Auch wenn die SEO nur indirekt in diese Kategorie gehört, so muss sie dennoch beachtet werden. Hat ein Nutzer ein Informationsbedürfnis und sucht einer bedürfnisbefriedigenden Antwort im Web, so werden ihm unzählige Suchergebnisse geboten. Da er diese unmöglich alle verarbeiten kann, beachtet er meist nur die erste Seite der Suchergebnisse. Sucht der Nutzer jedoch genau Ihr Unternehmen und findet es nicht sofort, bedeutet das für ihn viel Aufwand. Das ist nicht benutzerfreundlich – Es erschwert dem Benutzer eher die Bedienung, als dass sie ihm vereinfacht wird. Bei einer Unternehmenswebsite, welche im Ranking ganz oben steht, ist eine einfache Auffindung gegeben. Hierdurch wird der Nutzer dann schnell auf Ihre Website gezogen und besucht möglicherweise keine anderen mehr, die sein Informationsbedürfnis ebenfalls beantworten könnten.

 

Navigation der Website

Ist der Nutzer also nun auf Ihre Website gelangt, so muss er sich nur noch hier zurechtfinden. Auf jeder Website sollten sich daher Navigationspunkte befinden, welche den gesamten Webauftritt strukturieren und einteilen. Diese Navigationspunkte sind elektronische Hypertexte. Hypertexte sind Verlinkungen in jeglicher Form, die zu weiteren Inhalten und HTML Dokumenten führen, welche unter einer Domain erreichbar sind.

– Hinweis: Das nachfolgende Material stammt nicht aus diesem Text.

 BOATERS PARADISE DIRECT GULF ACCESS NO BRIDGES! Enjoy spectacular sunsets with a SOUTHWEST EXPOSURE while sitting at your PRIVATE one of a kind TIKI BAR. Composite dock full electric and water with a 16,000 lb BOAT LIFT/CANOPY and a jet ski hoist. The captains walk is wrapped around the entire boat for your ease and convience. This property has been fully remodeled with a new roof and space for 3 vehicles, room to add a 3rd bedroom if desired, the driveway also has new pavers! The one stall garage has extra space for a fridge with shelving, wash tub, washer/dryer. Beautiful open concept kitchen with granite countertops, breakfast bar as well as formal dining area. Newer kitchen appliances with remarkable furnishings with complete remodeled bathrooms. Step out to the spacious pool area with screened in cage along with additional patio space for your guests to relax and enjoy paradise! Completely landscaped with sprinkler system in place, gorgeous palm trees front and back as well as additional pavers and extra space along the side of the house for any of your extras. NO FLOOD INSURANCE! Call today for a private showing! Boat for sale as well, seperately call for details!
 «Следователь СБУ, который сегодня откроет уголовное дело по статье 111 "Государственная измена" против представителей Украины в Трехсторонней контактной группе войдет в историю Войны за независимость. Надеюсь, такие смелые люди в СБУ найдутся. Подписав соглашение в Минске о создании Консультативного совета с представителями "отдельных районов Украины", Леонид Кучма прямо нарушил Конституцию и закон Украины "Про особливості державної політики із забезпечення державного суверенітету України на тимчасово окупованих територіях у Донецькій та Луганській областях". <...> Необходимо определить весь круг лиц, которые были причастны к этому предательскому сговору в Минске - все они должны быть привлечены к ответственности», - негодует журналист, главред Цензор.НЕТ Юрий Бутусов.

Neben der Hauptnavigation gibt es noch eine Metanavigation, unter welchen meist Kontakt, Karrieremöglichkeiten und das Impressum aufgeführt werden. Die Metanavigation ist dabei nicht so relevant, wie die Hauptnavigation und sollte daher kleiner und unauffälliger gestaltet werden. Bei der Hauptnavigation gibt horizontale und vertikale Navigationsmöglichkeiten. Je nach Content und Menge der Navigationspunkte eignet sich die eine Navigation besser als die Andere. Alle Navigationsformen im Web sind vorrangig hierarchisch organisiert. Die Navigation teilt sich auf in eine Primärnavigation, einer Sekundärnavigation und einer Tertiärnavigation. Die Primärnavigation gehört zur Hauptnavigation, wogegen die beiden anderen Navigationsvarianten zur Unternavigation gehören. Hauptnavigationspunkte sind also Oberbegriffe, wogegen die Punkte der Sekundärnavigation den Unterpunkten zu zuordnen sind.

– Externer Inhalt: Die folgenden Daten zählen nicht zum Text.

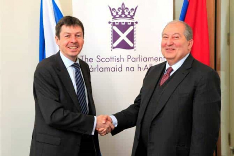 Խորհրդարանի խոսնակ Քեն Մակինտոշի հետ հանդիպման ընթացքում ՀՀ դեսպանը հայտնեց հայկական կողմի հանձնառությունը զարգացնելու փոխշահավետ համագործակցությունը հնարավոր բոլոր ուղղություններով։ Մասնավորապես, նշվեց հայ–բրիտանական խորհրդարանական երկխոսության շրջանակներում Հայաստանի ու Շոտլանդիայի խորհրդարանների միջև կապերի ակտիվացման անհրաժեշտությունը՝ այցելությունների և խորհրդակցությունների, այլ համատեղ նախաձեռնությունների միոջոցով։ Արմեն Սարգսյանը ներկայացրեց անկախության շրջանում Հայաստանի զարգացման հիմնական փուլերը, ԼՂ հիմնախնդրի առանձնահատկությունները, խորհրդարանական կառավարման ձևին Հայաստանի անցման նշանակությունը։
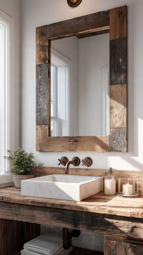 What It Is: A mirror frame built from reclaimed wood planks or pallet wood pieces, cut and assembled around the mirror for a warm, rustic handmade look with natural character.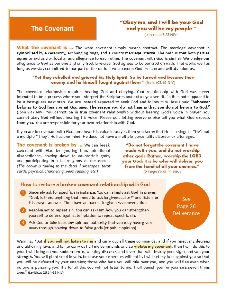Attached are two pages describing the covenant relationship. I hope it helps. I want you to learn to seek God and follow Him. Please know that this post is my specific act of obedience to God. He woke me up at 2:00 am to direct me to type this message to you. He spoke every word of it and authorized me to post it. My priority was in obeying Him whether you take the time to study or not. I’m not responsible for you. I’m responsible to obey God. So just like that $20 that I gave the lady in the park, I’m handing this to you. Maybe God knows that it is exactly what you need. I’ve done my part to obey God. Will you?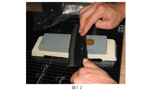 - 刃金部を研ぐ際は包丁の角度を10円玉が2枚はさめる程度傾けて研ぎます。(図12参照)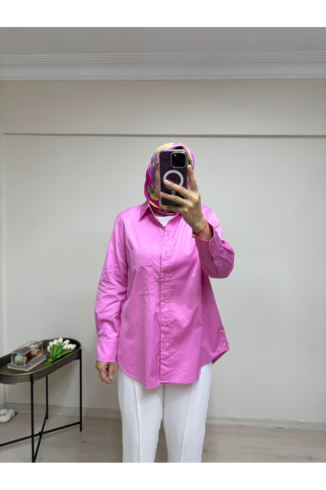 Cotton Oversize Gömlek Pembe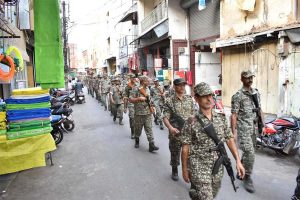 दुर्ग- लोकसभा निवार्चन मतदान तिथि 7 मई को दृष्टिगत रखते हुये जिले में शांतिपूर्वक मतदान सम्पन्न कराये जाने, लोगों को बिना किसी भय के मतदान करने हेतु जागरूक करने, आदतन अपराधियों, गुण्डे बदमाशों पर नकेल कसने के उद्देश्य से जिला दण्डाधिकारी, जिला निर्वाचन अधिकारी ऋचा प्रकाश चौधरी, पुलिस अधीक्षक जितेन्द्र शुक्ला, के मार्गदर्शन में मोहन नगर, सुपेला, वैशाली नगर, छावनी, एवं खुर्सीपार थाना के महत्वपूर्ण स्थलों, रेल्वे स्टेशन पावर हाउस आदि क्षेत्रों में पुलिस, प्रशासनिक, पैरा मिलेट्री फोर्स के अधिकारियों एवं जिला पुलिस बल, पैरा मिलेट्टी फोर्स के सैड़कों जवानों के साथ फ्लैग मार्च किया गया. दुर्ग में पुलिस लाईन दुर्ग से फ्लेग मार्च प्रारंभ किया गया जो पटेल चौक, सदर मार्केट, गवली पारा, चण्डी मंदिर, होटल मान, तकियापारा, श्री शिवम, अग्रसेन चौक, ग्रीन चौक, राजेन्द्र पार्क चौक, मालवीय नगर चौक, उतई रोड (गांधी प्रतिमा), पुलिस लाईन में जाकर समाप्त हुयी.

Wesentlich bei jeder Navigation ist, dass sie Konsistent bleibt. Das bedeutet, dass alle Inhalte in derselben Art dargestellt werden müssen und einen roten Faden bilden. Zur Konsistenz gehören das Wording, die visuelle Darstellung und die Benutzung.

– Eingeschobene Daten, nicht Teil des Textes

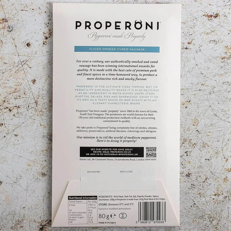 Properoni is pepperoni made properly. Our ready sliced Properoni retains all the goodness of the finest cuts of meat with minimum water content, allowing you to create unsurpassed flavours in dishes that will get everybody around your table talking about Properoni.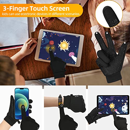 Sensible Touchscreen-Funktion: Kinderhandschuhe Mit der 3-Finger-Touchscreen-Funktion am Daumen und Zeigefinger ermöglichen unsere Sport Touchscreen Kids Gloves Kindern, elektronische Geräte zu verwenden oder Online-Kurse mit Handschuhen zu besuchen. Ein wunderbares Geschenk für Kinder im kalten Winter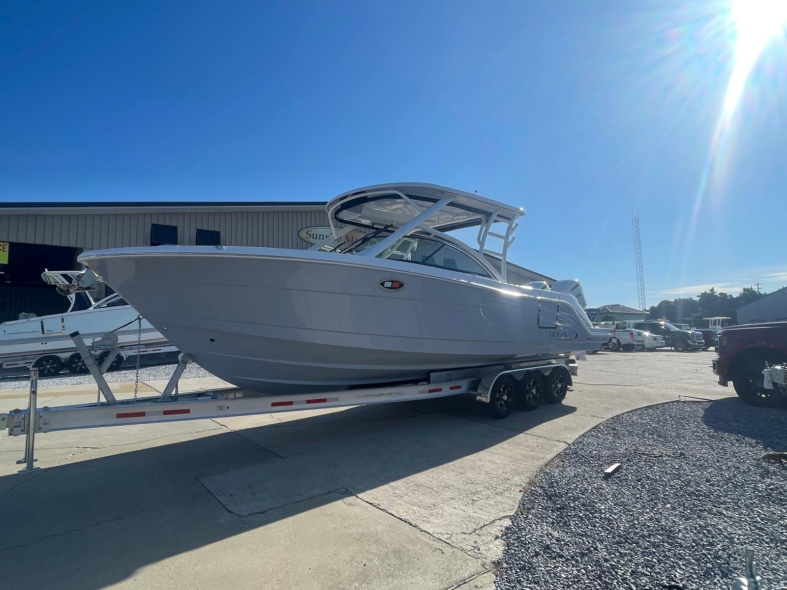 The 2025 Robalo 317 DC is a 31-foot dual console boat that embodies the latest in marine innovation and craftsmanship. Built for those who demand excellence, this new Robalo boat for sale offers ample space, comfort, and functionality for a wide range of boating activities. Whether you are planning a day of fishing, cruising with family and friends, or simply relaxing on the water, the Robalo 317 DC is engineered to provide a superior boating experience. Its modern design, highlighted by the Solid Hull Alloy Gray Gel Coat, ensures you will turn heads at every marina and on every open water adventure.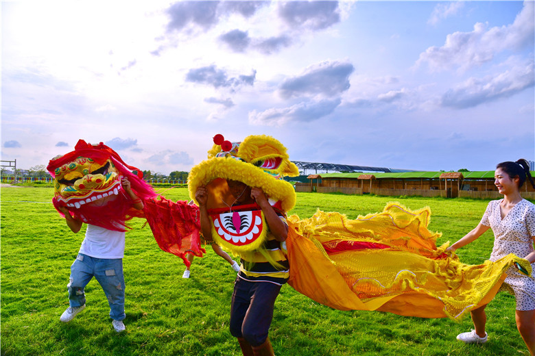 乡村的生活除了农耕渔耕农具,还有乡村民间艺术。游客在牧场可以体验舞龙、舞狮、舞春牛、敲大鼓等民间艺术。当然还有小朋友们最喜欢的DIY活动,植物拓染、小盆栽等。

Die Benutzung meint, dass es gleichbleibende Elemente an derselben Position gibt und die externen und internen Links eine gleiche Logik aufweisen. Interne Links müssen dann immer denselben Ablauf haben und nicht auf einmal so gehandhabt werden, wie ein externer Link.

Der zweite Punkt ist das Wording. Der sprachliche Stil muss auf allen Seiten übernommen werden und möglichst auf derselben Sprache. Ein Fachjargon sollte auf öffentlichen Seiten für Nutzer vermieden werden.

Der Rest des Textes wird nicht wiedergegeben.